Back in 2010 I brought this issue to light and based on the stats coming from Blackhat it has continued to grow in frequency. During a presentation back then I was asked if the 2nd Amendment gave private citizens and private companies the right to bear cyber-arms and if someone or some business was attacked, do they have the right to return cyber-fire in self defense. Now add in the UN’s recently proposed conventional Arms Treaty that I covered here a few weeks ago.
In fact in 2011 during an investigation a specific retaliatory strike came to light. It took place in the financial services sector that had some potential international implications that would be significant if the country that was the target of the retaliatory strike uncovered this incident. This was at a level that federal authorities were contacted and alerted to the incident. The attack traffic experienced by the financial services organization was most likely routed through a compromised server in that foreign country and was an unwilling participant in the cyber attack.
One subject matter expert called cyber space “the wild West.” I am sure we all know what that means. Could a retaliatory cyber strike from an individual or private business trigger a cyber exchange between countries? Could an event like this cause an escalation in tensions between two nation states? The answer is yes, it is a clear possibility!

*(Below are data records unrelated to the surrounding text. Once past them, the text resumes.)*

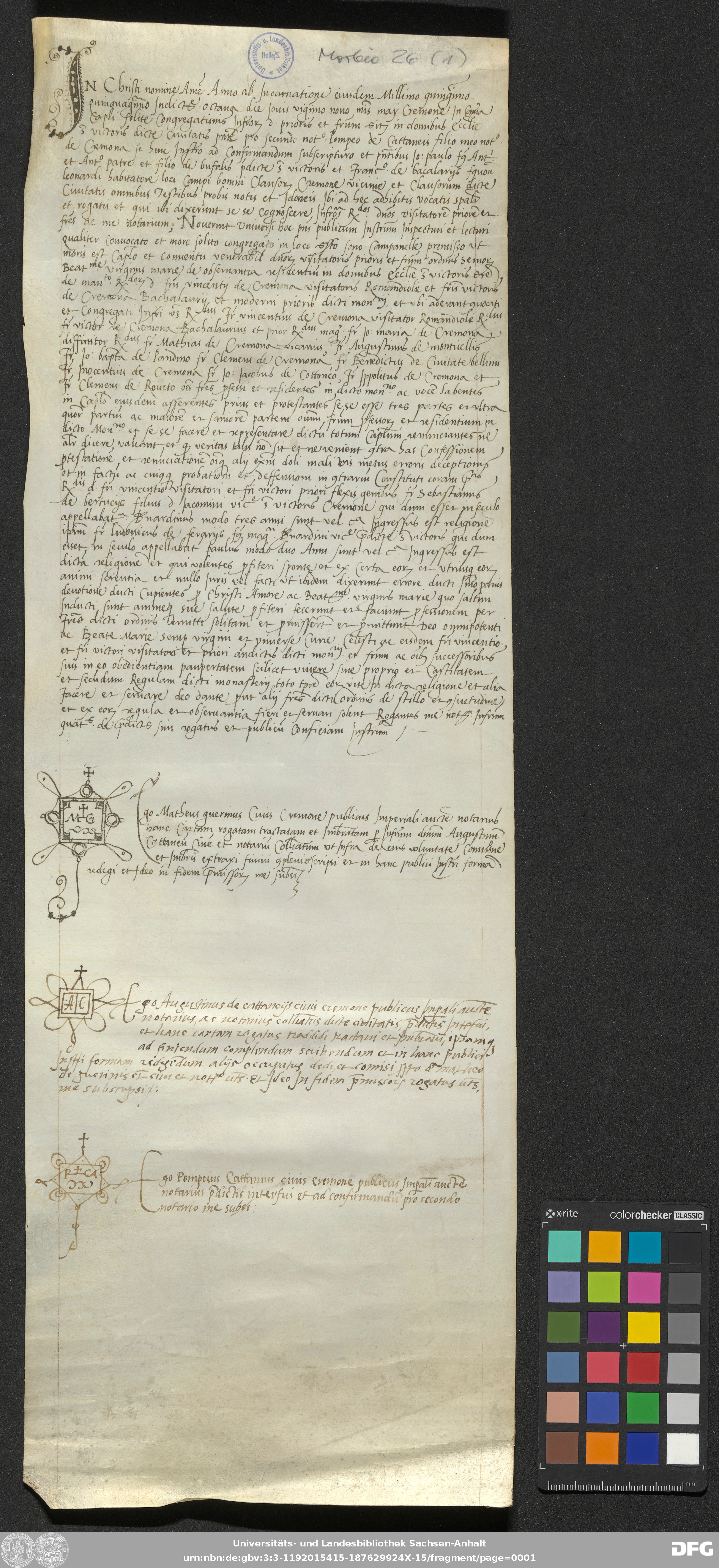 | Annotations: | Handschrift DE-3, GND 2024680-8, Signatur: Morbio 26 (1) Die Illustrationen sind: Initiale, Notarszeichen Beschreibstoff: Pergament Erhaltungszustand: gut Handschrift Urkunde |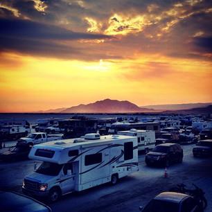 Moments after hitching Betty Dawn to Dusty, the glow from the Temple Burn lit up the sky. This meant we missed our opportunity to leave quickly. We scrambled to wrap it up and Eli helped me navigate Dusty and Betty out of camp. When he went to hop in his car, he found the battery to be dead. Ugh…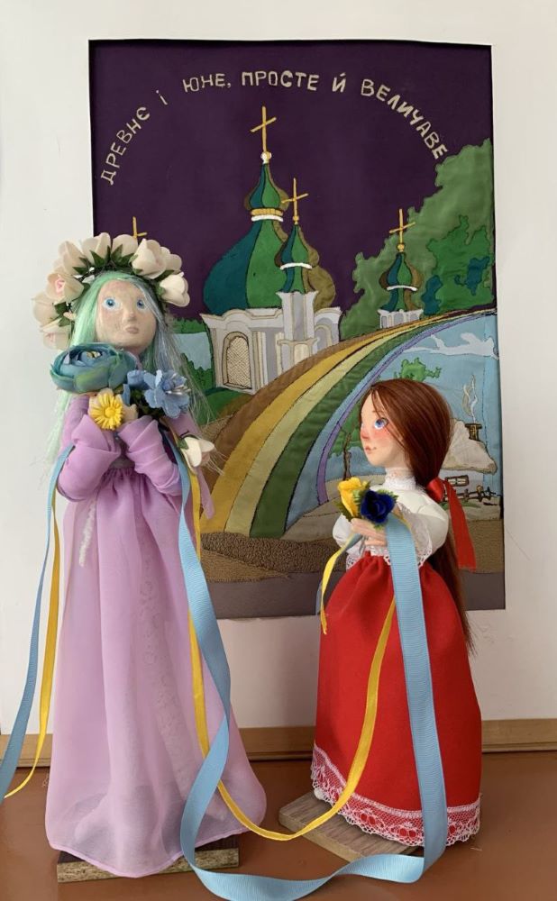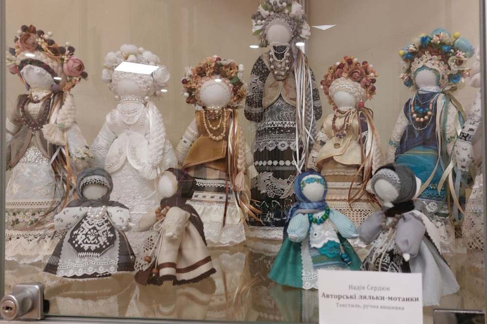 Серед експонатів – живопис, графіка, авторські вироби та елементи народного мистецтва: гердани, намиста, ляльки-мотанки, вертепна валіза з ляльками.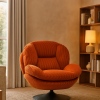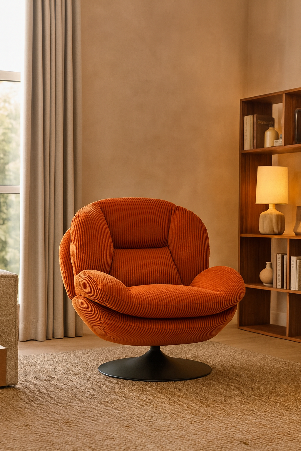 Fauteuil velours côtelé terracotta et pieds noir mat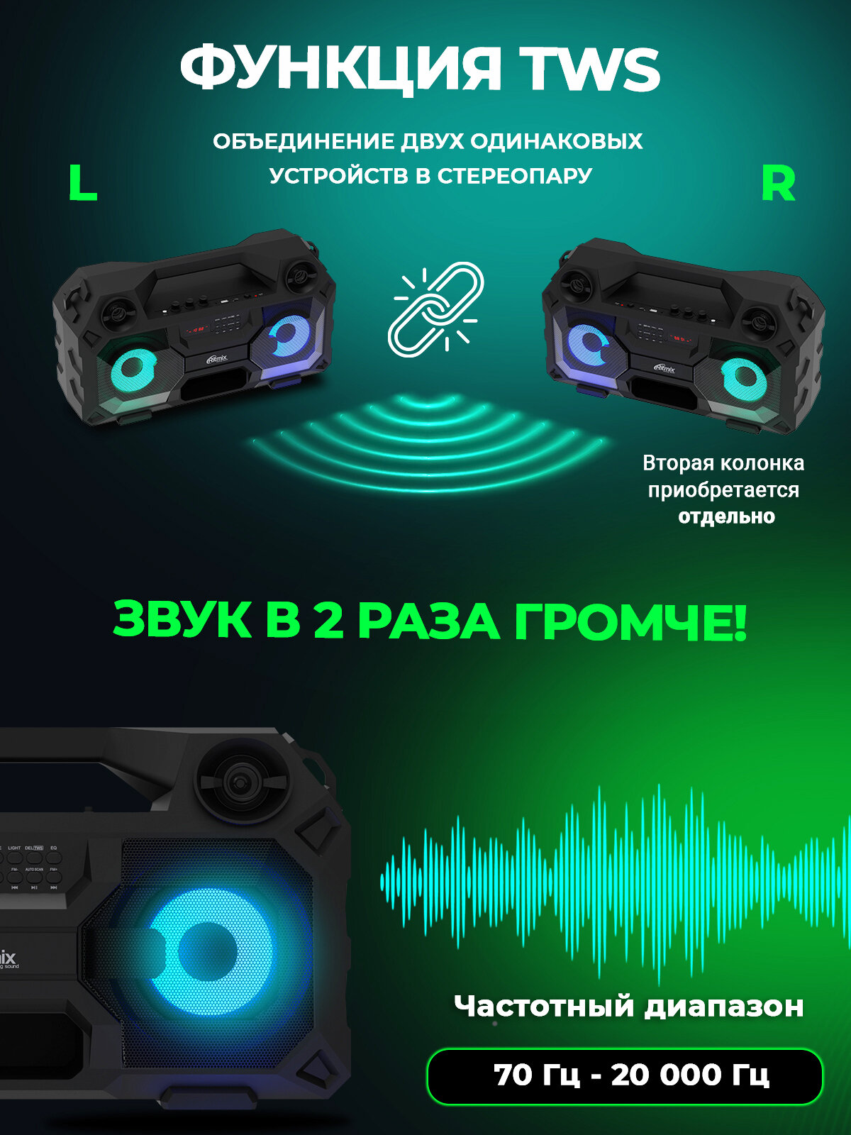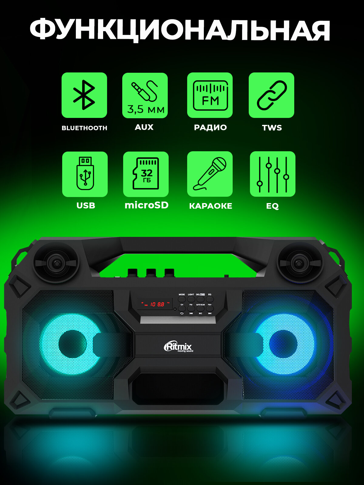 Колонка портативная RITMIX SP-690B, Bluetooth 5.0, FM-радиоприёмник, RGB подсветка, черная (1/4)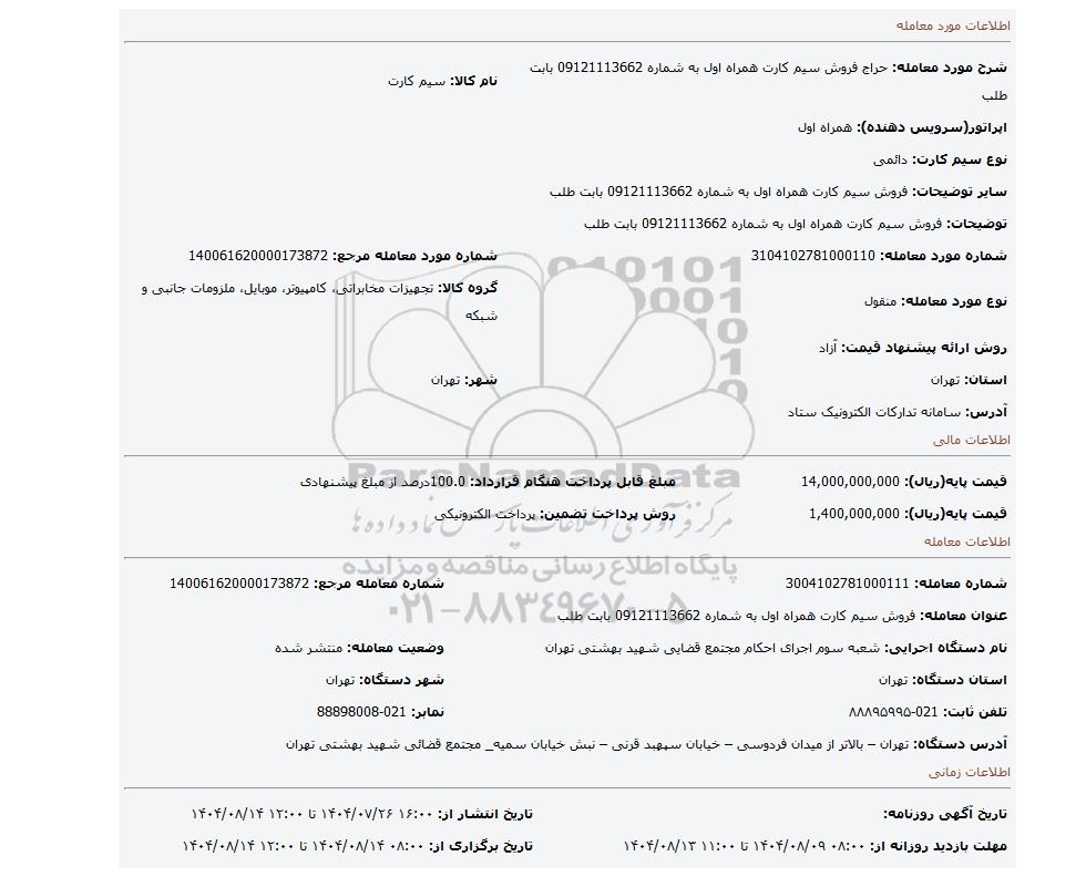 | عنوان معامله: فروش سیم کارت همراه اول به شماره 09121113662 بابت طلب | ||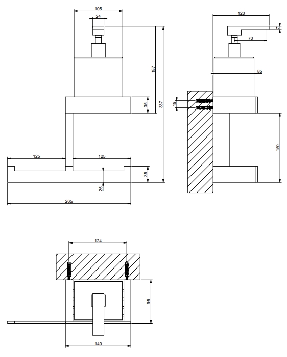 带白色肥皂分配器和毛巾架的壁挂式柱子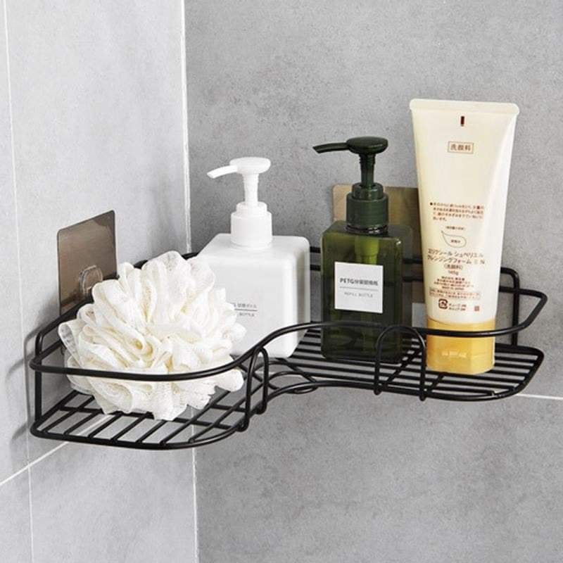 KỆ GÓC INOX DÁN TƯỜNG ĐEN VIỀN UỐN LƯỢN TIẾT KIỆM KHÔNG GIANKệ góc, Giá đỡ treo dán góc tường dễ dàng tháo lắp nơi phòng tắm, nhà bếp, phòng ngủ đựng mỹ phẩm, gia vị.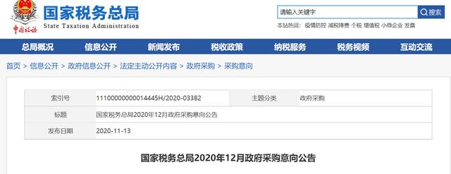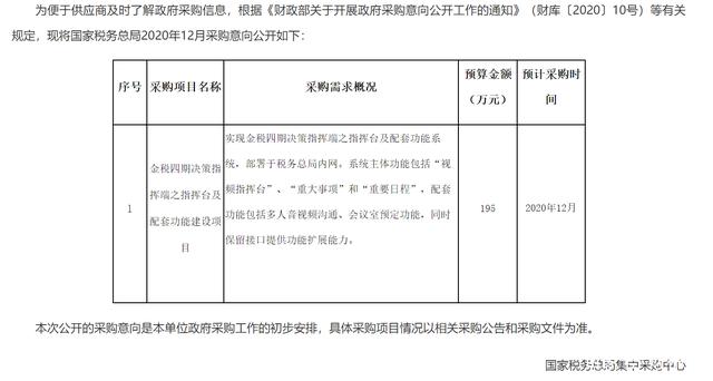 11月13日,國際稅務總局發布2020年12月政府采購意向公告中表示本次采購事項為金稅四期決策指揮端之指揮臺及配套功能建設項目。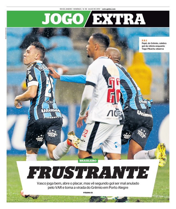 Pelo Campeonato Brasileiro, o Vasco foi derrotado por 2 a 1 pelo Grêmio no último sábado em Porto Alegre, em jogo em que acabou prejudicado pelo VAR. Veja como a imprensa repercutiu.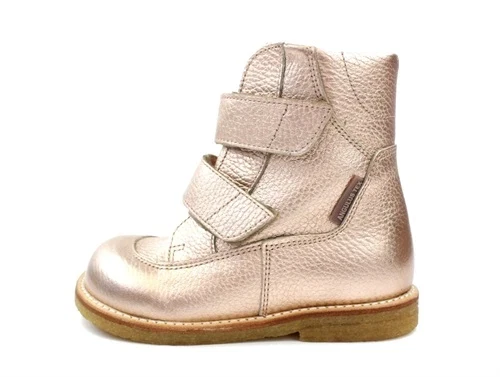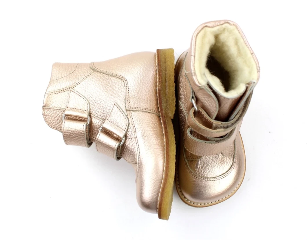 Klassiske lædervinterstøvler i farven light copper fra Angulus. Støvlen har uldfoer og tex og lukkes nemt med to velcroremme.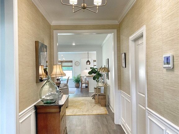 This beauty has designer finishes that makes it one-of-a-kind! Located just 7.6 miles from Publix and just a short distance further to Auburn University on .92 acre with fenced in yard. Grasscloth wallpaper in the foyer with wainscoting is eye catching, bringing immediate warmth to the home as soon as you walk in! Oversized great room with gas fireplace creates a great gathering area with an open concept arrangement. Dining room offers abundant windows for natural light. Well appointed kitchen w/quartz countertops, eat-in island and walk-in pantry. Gorgeous upgraded lighting throughout. Wallpaper in the primary adds a warm touch with the custom curtains. Looking for Gameday or short-term rental? The auburn theme is carried out tastefully throughout with this designer's touch. Fun wallpaper print brightens up the guest bath. Huge walk-in closet for the primary and nice sized walk-in closets for both guest rooms. Relax on the back porch with nothing but beautiful trees beyond the fence!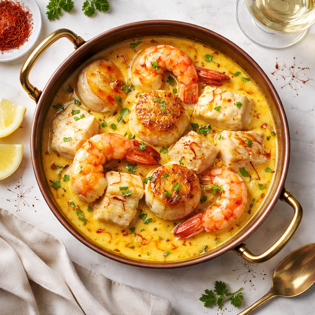 De beaux morceaux de poisson, des crevettes et des coquilles Saint Jacques dans une bisque de homard au cognac. Le tout est relevé d’une pointe de safran.

The right of cyber self defense is a complex issue that has yet to be decided in a court of law. At the heart of this issue is the right to bare cyber arms and use them in self defense to protect your computer assets. It is easy to see where this is leading – to the Supreme Court and to the International Court of Justice. Let’s all hope that General Alexander’s, who also heads the U.S. Cyber Command, comment (asking hackers for their help) at DefCon, is not misinterpreted and the retaliatory strikes escalate.